Amoris Laetitia

I tend to keep my religion off these pages, at least explicitly. The recent restating of Catholic teaching on the family in Pope Francis’ Amoris Laetitia (The Joy of Love; I’m sure the echoes of Alex Comfort must not have been forgotten when the title was chosen), however, does fall, a bit, into the trap of both romanticising and problematising family life.  It recognises, it’s true,  the big difficulties of families subject to violence, disruption &c, but the “healthy dose of self-criticism” Francis urges really looks at reconciling extremes, not at helping the everyday. It does, however, acknowledge that

“At times we have also proposed a far too abstract and almost artificial theological ideal of marriage, far removed from the concrete situations and practical possibilities of real families.”

The argument in my youth was that a celibate clergy were free precisely to guide and judge at a distance; it’s as if, by asking married lay people their opinions and experiences (however wobbly that process was), Catholic theology has woken up to the weaknesses of this approach. Who, as they say, knew?

So Amoris Laetitia carries a lot of burdens: what in shorthand we might call theologically sound messages need to take into account very explicitly what I keep referring to as the dura et aspera of shopping with children, childcare, telly, finding school uniform… As I write a five-year-old comes in to talk about Narnia and a three-year-old interrupts to tell me she is the pink Powerpuff girl.
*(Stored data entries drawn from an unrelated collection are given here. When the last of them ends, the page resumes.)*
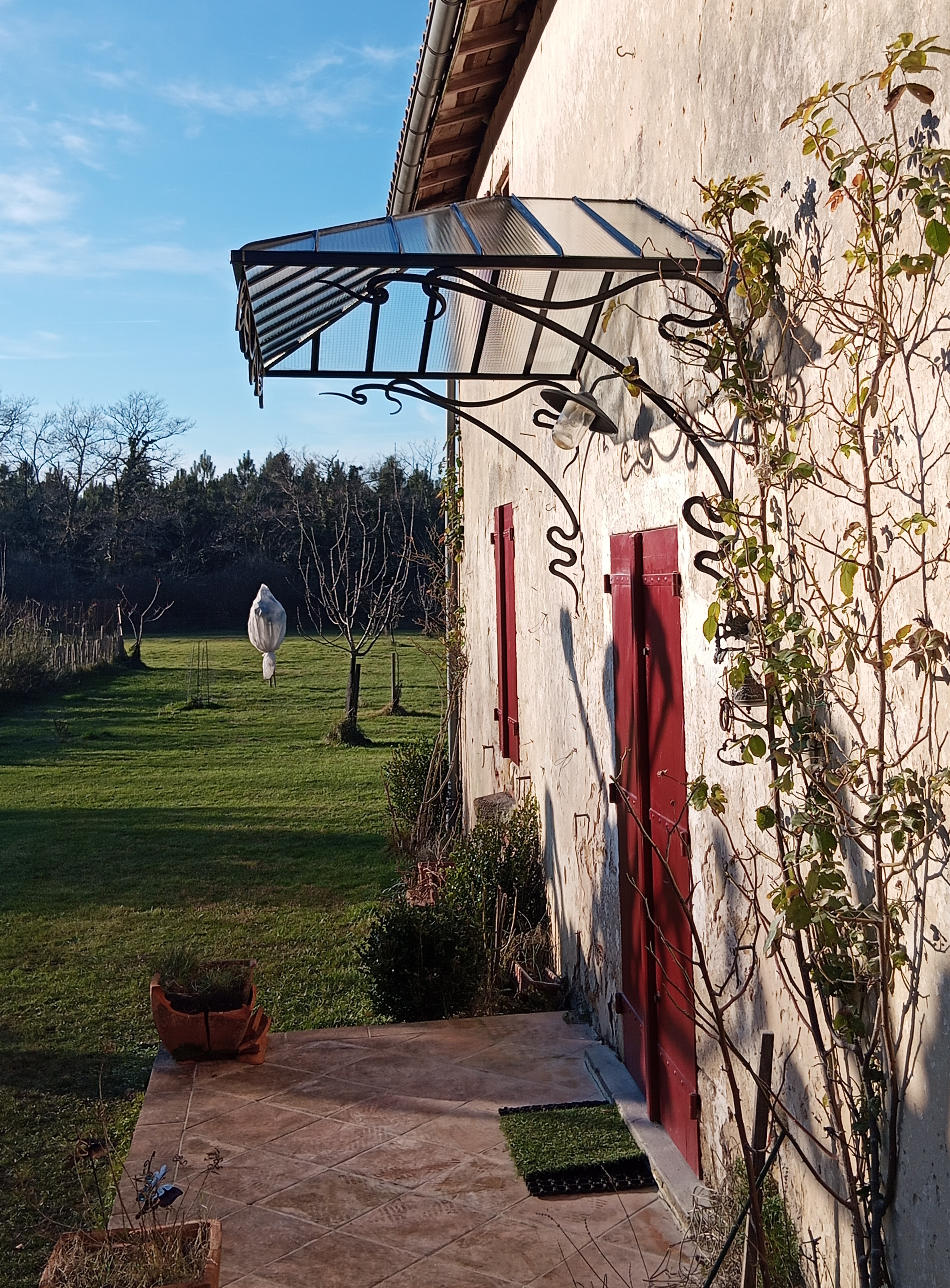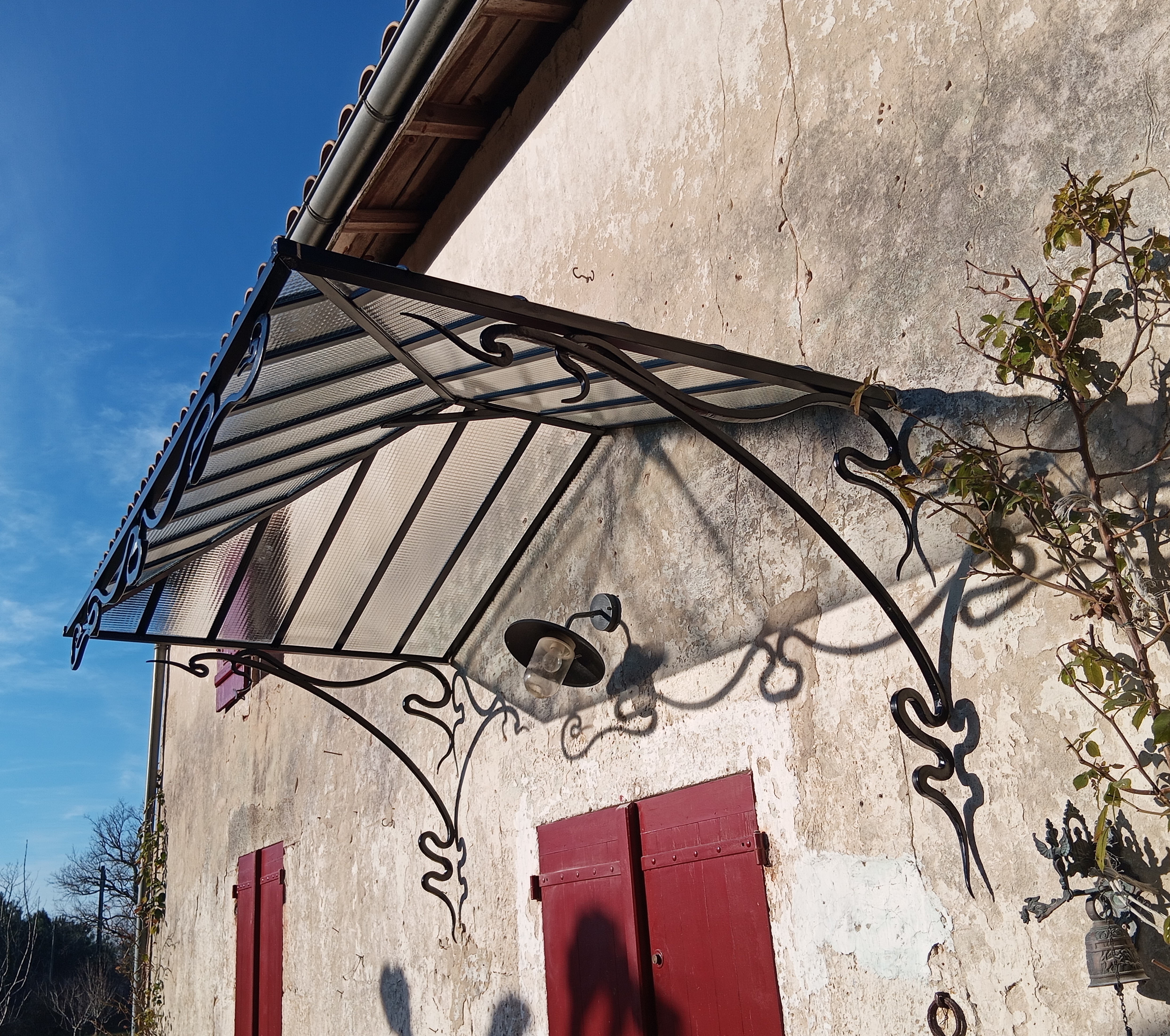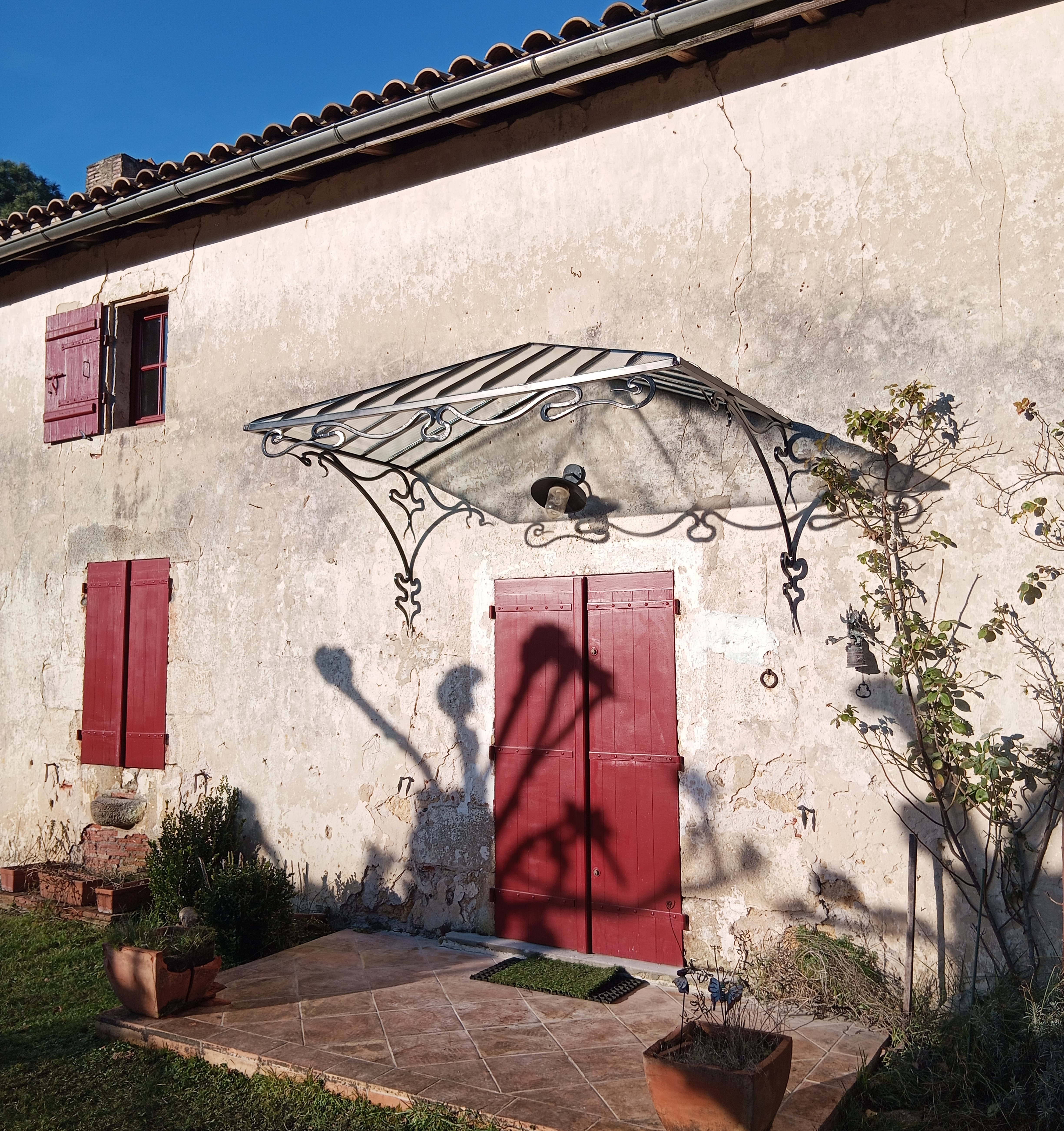 Marquise en fer forgé et verre sécurisé de style Art Nouveau, soigneusement fabriquée et posée sur mesure près de Bordeaux.
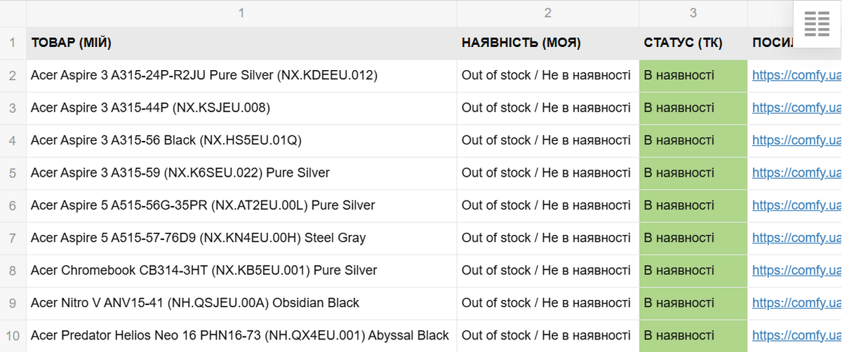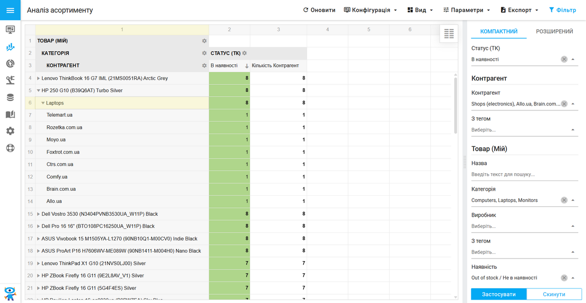Якщо багато товарів з вашого каталогу не в наявності, але в конкурентів вони доступні для купівлі, вам потрібно посилити роботу з асортиментом, щоб не віддавати конкурентам свої продажі. Нижче наведено приклад звіту Pricer24 «Аналіз асортименту», налаштованого за такими фільтрами:
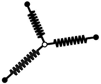 図6.13に示す物理的なアナロジーは、この議論をより明確にするかもしれない。平面上の点群の重心を求めたいと想像してもらいたい。同じバネ定数を持つバネを、固定点と自由に移動できる小さな物体に取り付ける。物体は、点の位置の平均に引っ張られる。バネは、位置エネルギーのバネ方程式を通じて、最小二乗ノルムを実現する。この物理的なアナロジーは、各点と平均の差である残差の二乗和を最小化するという基準から平均の計算を導くことに対応している。ここで、点の1つが移動可能だと仮定する。この点をてこ点と呼ぶ。てこ点を十分に遠くに引っ張ることで、平均の位置を任意の点に移動させることができる。これは、最小二乗基準に基づく推定値が外れ値に対して極めて敏感であることを示している。たった1つの外れ値でも、推定値が台無しになる可能性がある。理想的には、外れ値に接続されたバネを壊して推定値に影響を与えないようにしたい。バネ定数を変更して遠く離れた点が推定値にほとんど影響を与えないようにすることは、影響関数に基づくロバスト推定量の実装に相当する。外れ値に接続されたバネを壊すことは、サンプルの一貫性のあるサブセットを決定するリサンプリング方式に相当する。リサンプリング方式では、ランダムなサブセットを繰り返し抽出し、最良の推定値をもたらすサブセットを選択する。リサンプリングアルゴリズムの例としては、ランダムサンプルコンセンサス法、最小中央値二乗回帰法、その他の回帰におけるコンピュータ集約型手法などがある。
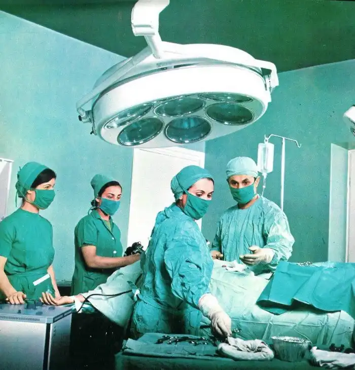 Операционная больницы в Тегеране в 1971 году. К концу правления шаха, 34 миллиона жителей Ирана лечило всего 15000 врачей, что вызывало огромные проблемы с медициной, особенно за пределами таких крупных центров как Тегеран.
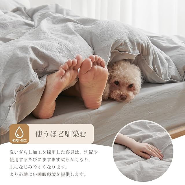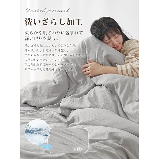<洗いざらし&超柔らか肌触り>: 洗いざらしとは何度も洗って風合いが自然になったもの。お使いいただく初めから自然な風合いや、やわらかな肌触りを楽しめるように「洗い加工」を施しています。この加工を施した寝具は、洗濯や使用するごとにさらに柔らかくなり、肌馴染みも良くなります。
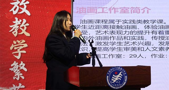 ▲油画工作室负责人管彩露在汇报
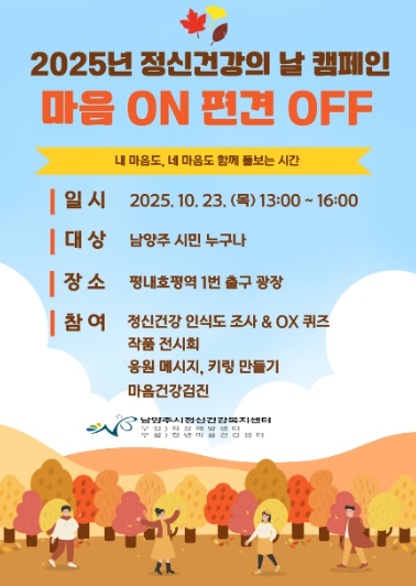 [무한뉴스=정승훈 기자] 남양주시는 오는 23일 오후 1시 평내호평역 1번 출구 광장 일원에서 ‘정신건강의 날’을 기념해 정신건강 인식 개선 및 편견 해소를 위한 연합캠페인 ‘마음 ON, 편견 OFF’를 진행한다고 21일 밝혔다.
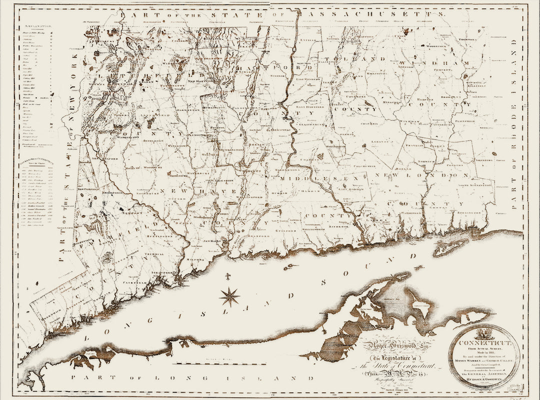 FP1774 - Connecticut 1812 Historic Map, CT Engraved Patent (Standard)
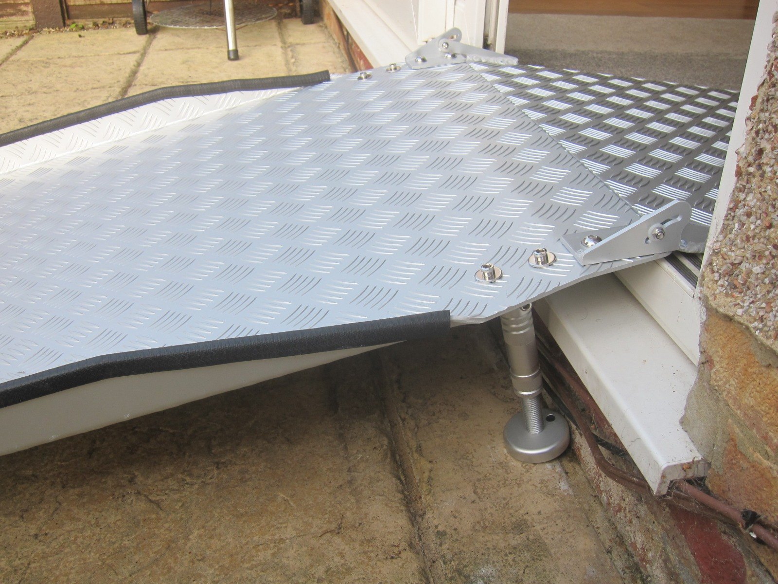 Fixed Aluminium Threshold Ramp with adjustable legs designed to overcome steps and thresholds between 70mm - 254mm (3" - 10"). The wheelchair ramp is provided with an entry plate to allow users to simply flip the plate over the doorway to seamlessly overcome door thresholds, including difficult uPVC doorways. The ramp is available in 2ft to 8ft and can be fixed in place where preferred.
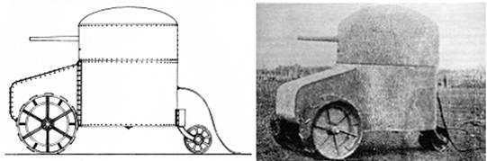 В ноябре 1915г. конструктора Aubriot и Gabet (Обрио и Габэ) предъявили вариант бронетрактора на базе шасси 4-тонного колесного трактора Filtz на электрическом приводе. (Рис.1)
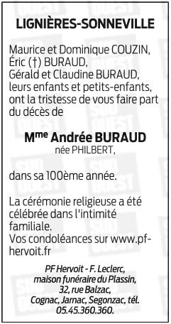 Cet espace « condoléances » est dédié à la mémoire de Madame Andrée BURAUD née PHILBERT.
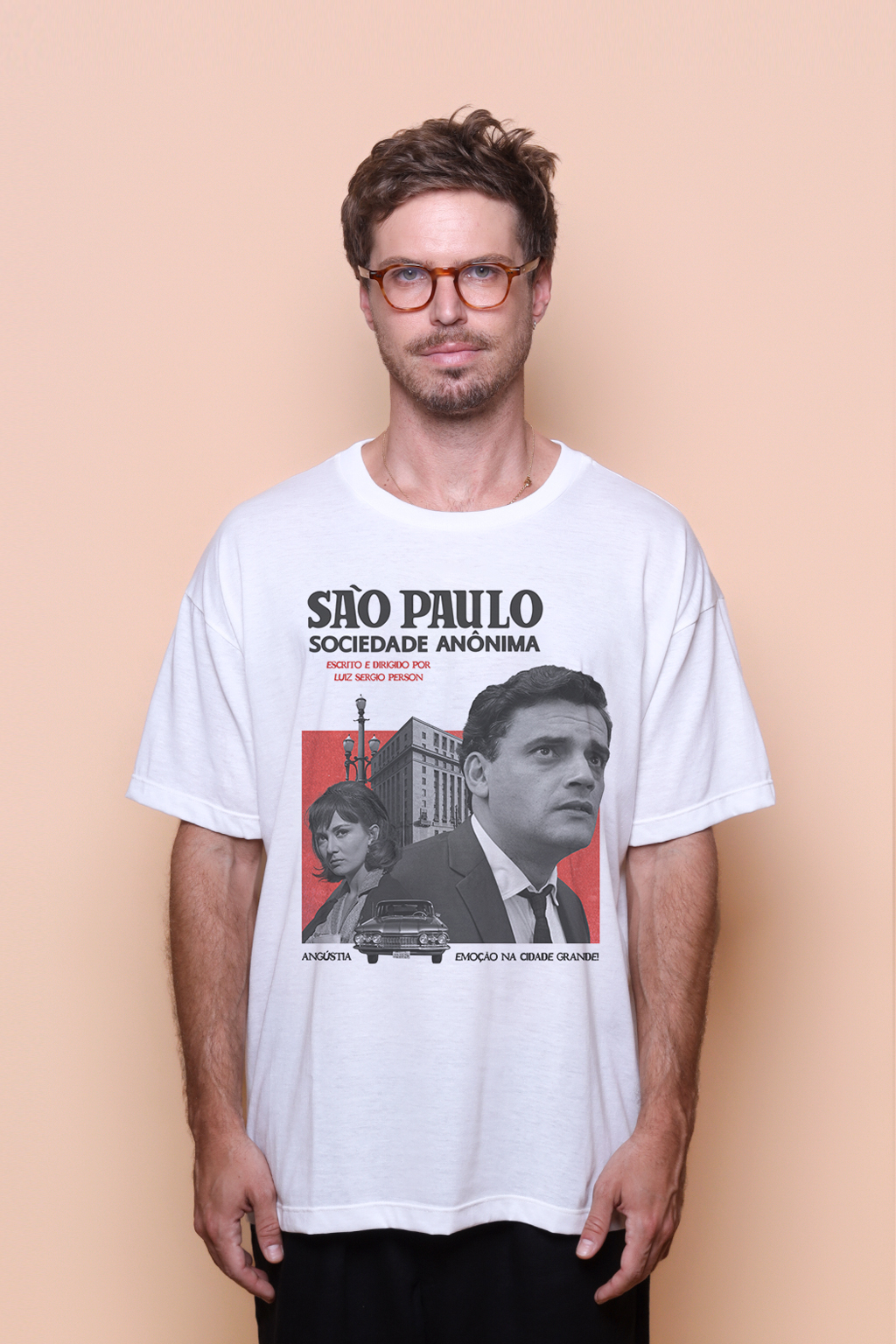 A camiseta oversize São Paulo Sociedade Anônima é confeccionada em tecido meia malha de algodão para um toque mais macio e agradável. Essa peça faz parte de uma coleção collab com Marina Person, atriz e cineasta brasileira, e homenageia o filme lançado em 1965 por seu pai, Luiz Sergio Person, que reestreia nos cinemas em comemoração aos 60 anos do filme. A versão restaurada faz parte de uma parceria entre a Lauper Films, a Cinemateca Brasileira e a Cineteca di Bologna, e teve sua primeira exibição no Festival Il Cinema Ritrovato, evento dedicado à preservação de clássicos do cinema mundial filmados em película. São Paulo Sociedade Anônima é considerado um marco do Cinema Novo paulista, chegando a ser indicado ao Oscar de 1966 na categoria de melhor filme estrangeiro.

Nuff said.

This post from last year makes two points about family: that even everyday parenthood is (for many people unexpectedly) very hard work and often unrewarding; that what we could do with –  not just within Catholicism – is the guidance (and warning) of those who have tried it and nevertheless want to support young families.

It’s almost as if the injunctions of Paul to Timothy that the presiding elder should be able to manage their (OK, his) family and be the husband of one wife has some wisdom after all; leadership needs to include mentorship, and family is no exception.